About this task => Only the pictures are to be left out, and the rest of the entries should be reproduced exactly.
*****
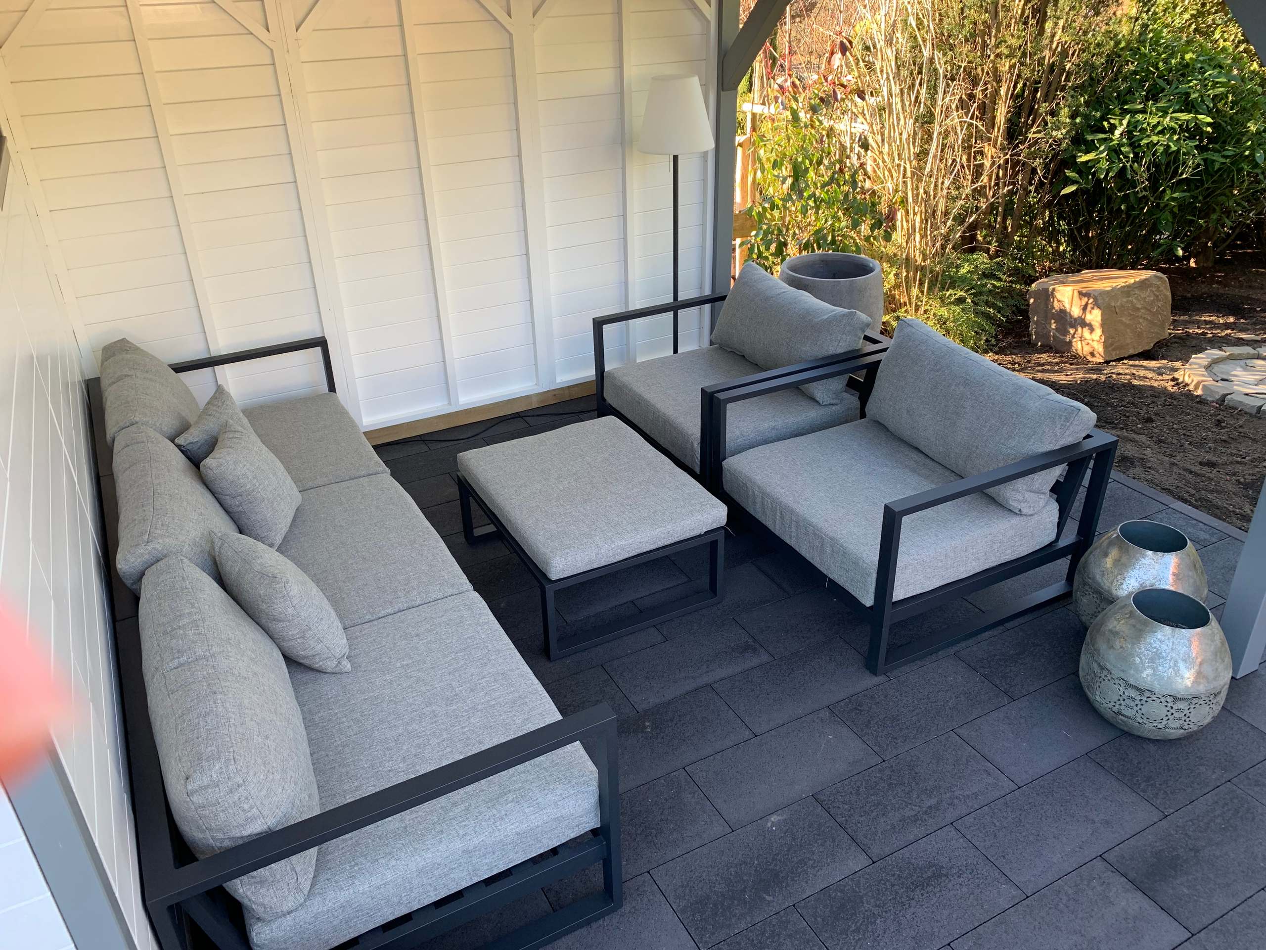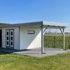 Die stabile Konstruktion und die Verwendung hochwertiger, wetterbeständiger Materialien gewährleisten eine hohe Langlebigkeit und Standfestigkeit. Das Gartenhaus eignet sich ideal zur Aufbewahrung von Gartengeräten, Möbeln oder Werkzeugen, während die überdachte Terrasse flexibel als Sitzplatz, Abstellfläche oder Übergangsbereich genutzt werden kann.
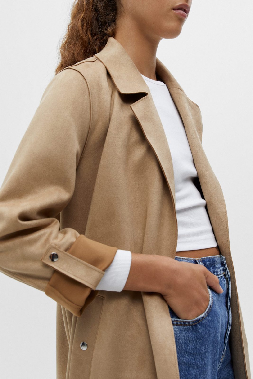 Si todavía crees que es pronto para comprarte un abrigo, Pull&Bear te propone muchas opciones intermedias, como esta chaqueta larga en tejido de antelina con mangas roll-up, cuello solapa y bolsillos delanteros. Está disponible en el clásico color beige camel característico de este tipo de tejido, pero también en blanco y en negro, para que elijas el que más te guste. Su corte por debajo de la cadera lo convierte en una prenda elegante y versátil que, sin duda, le dará un toque especial a todos tus looks. Lo mejor de todo es que solo cuesta 25,99 euros, lo que lo convierte en una de las mejores opciones del mercado.
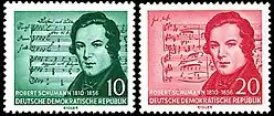 На серии из двух (10 и 20 пфеннигов) почтовых марок, посвящённой столетию со дня смерти композитора Роберта Шумана после выхода марок в свет обнаружилось, что позади его портрета были даны ноты «Песни ночного странника» на стихотворение Гёте, принадлежащие Францу Шуберту. Марку изъяли из продажи через четыре дня и спустя три месяца допечатали исправленный вариант с нотами самого Роберта Шумана.
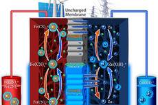 (a)带电荷排斥膜的碱性锌液流电池示意图。
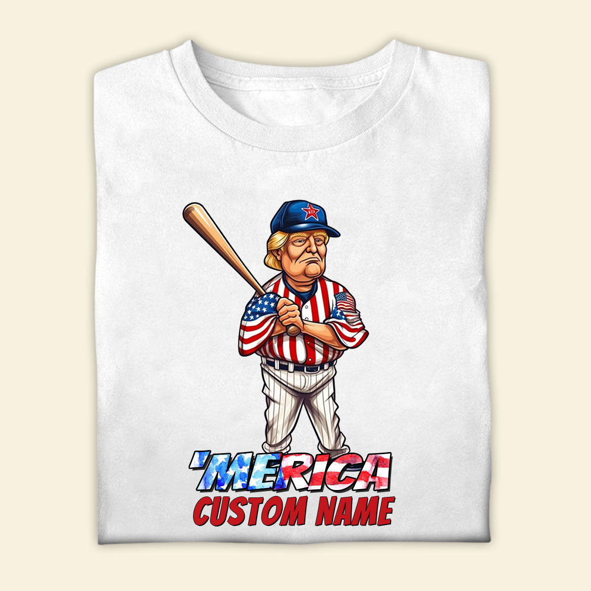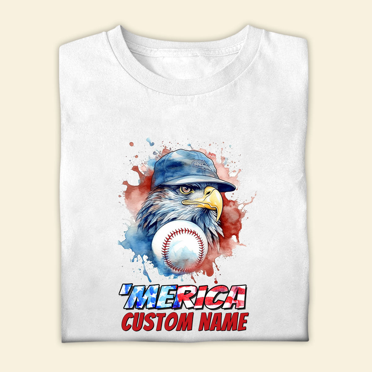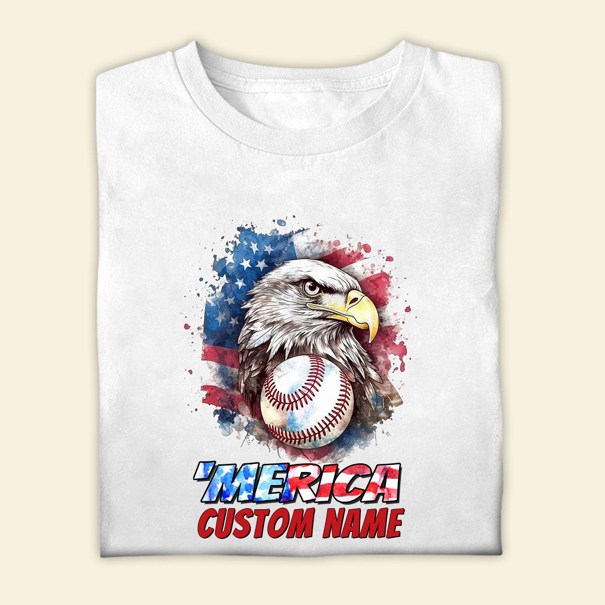 4th Of July Baseball Shirt - Merica - Gift Independence Day For Baseball Lover - Custom Name
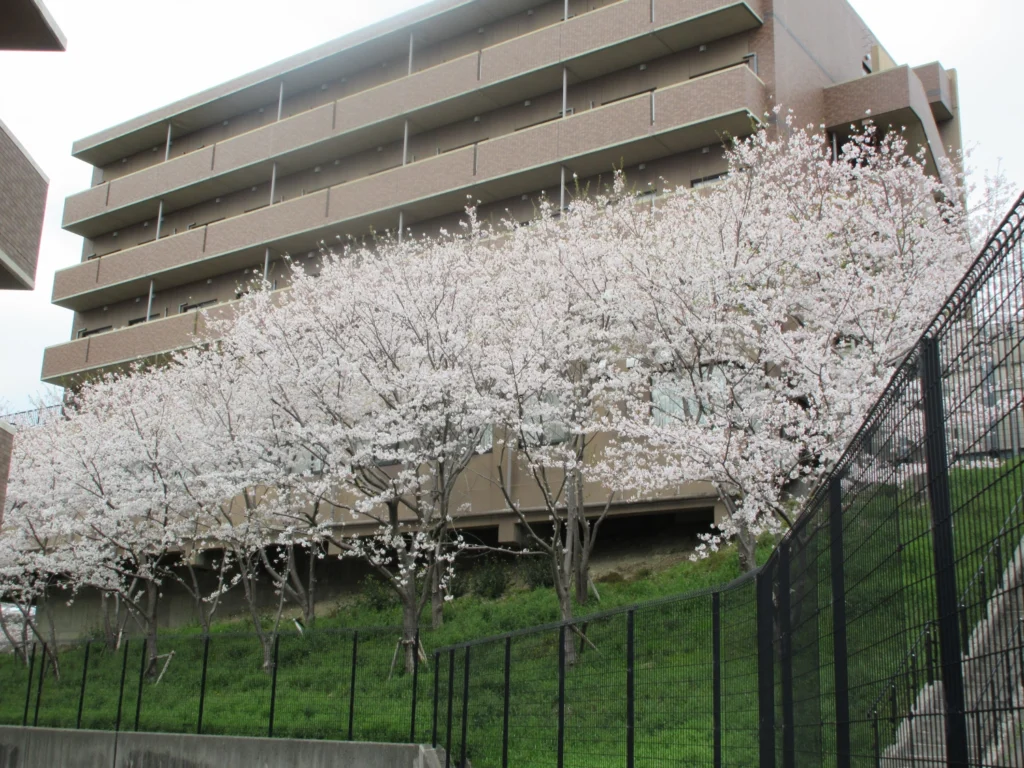 施設内からも桜を楽しむことができますが、外で眺める桜は一段と美しく見えます。
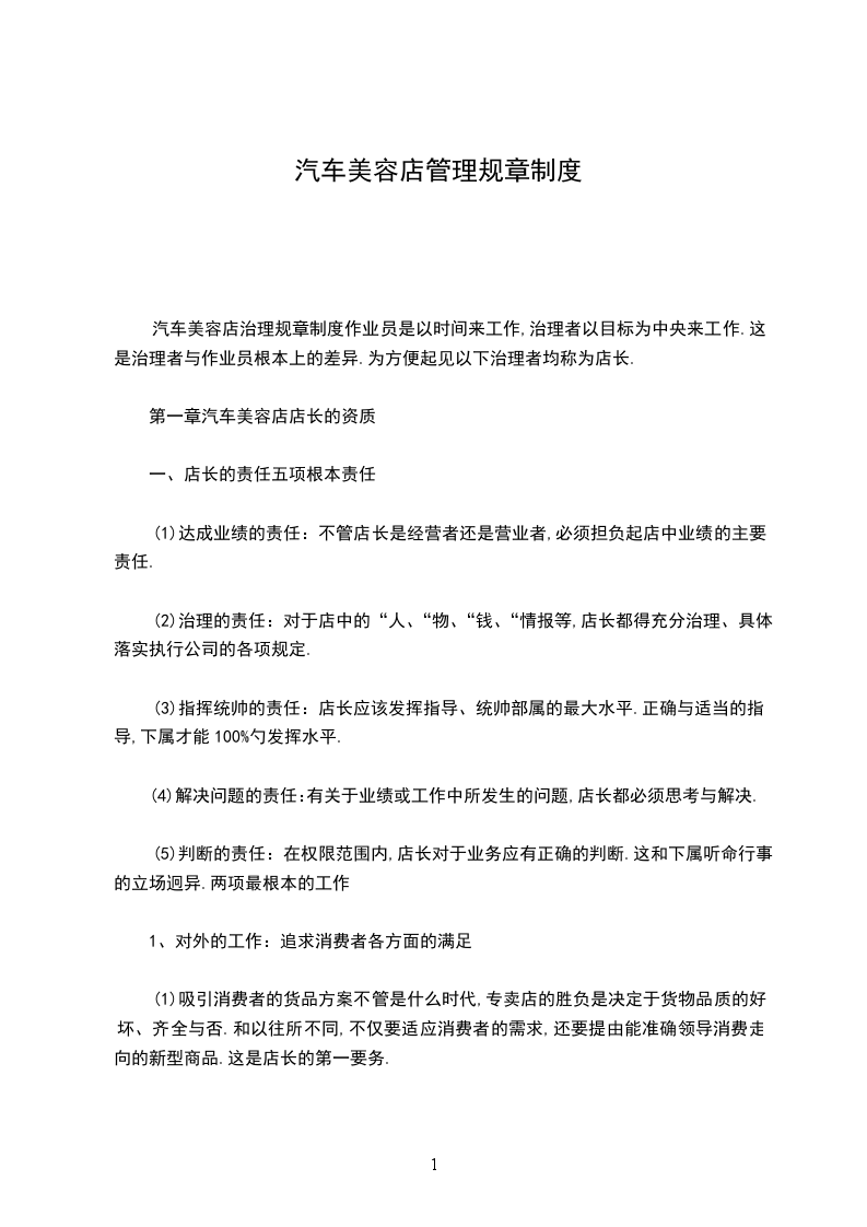 汽车美容店治理规章制度作业员是以时间来工作,治理者以目标为中央来工作.这是治理者与作业员根本上的差异.为方便起见以下治理者均称为店长.
*****
Answer to the exercise =>
 Die stabile Konstruktion und die Verwendung hochwertiger, wetterbeständiger Materialien gewährleisten eine hohe Langlebigkeit und Standfestigkeit. Das Gartenhaus eignet sich ideal zur Aufbewahrung von Gartengeräten, Möbeln oder Werkzeugen, während die überdachte Terrasse flexibel als Sitzplatz, Abstellfläche oder Übergangsbereich genutzt werden kann.
 Si todavía crees que es pronto para comprarte un abrigo, Pull&Bear te propone muchas opciones intermedias, como esta chaqueta larga en tejido de antelina con mangas roll-up, cuello solapa y bolsillos delanteros. Está disponible en el clásico color beige camel característico de este tipo de tejido, pero también en blanco y en negro, para que elijas el que más te guste. Su corte por debajo de la cadera lo convierte en una prenda elegante y versátil que, sin duda, le dará un toque especial a todos tus looks. Lo mejor de todo es que solo cuesta 25,99 euros, lo que lo convierte en una de las mejores opciones del mercado.
 На серии из двух (10 и 20 пфеннигов) почтовых марок, посвящённой столетию со дня смерти композитора Роберта Шумана после выхода марок в свет обнаружилось, что позади его портрета были даны ноты «Песни ночного странника» на стихотворение Гёте, принадлежащие Францу Шуберту. Марку изъяли из продажи через четыре дня и спустя три месяца допечатали исправленный вариант с нотами самого Роберта Шумана.
 (a)带电荷排斥膜的碱性锌液流电池示意图。
 4th Of July Baseball Shirt - Merica - Gift Independence Day For Baseball Lover - Custom Name
 施設内からも桜を楽しむことができますが、外で眺める桜は一段と美しく見えます。
 汽车美容店治理规章制度作业员是以时间来工作,治理者以目标为中央来工作.这是治理者与作业员根本上的差异.为方便起见以下治理者均称为店长.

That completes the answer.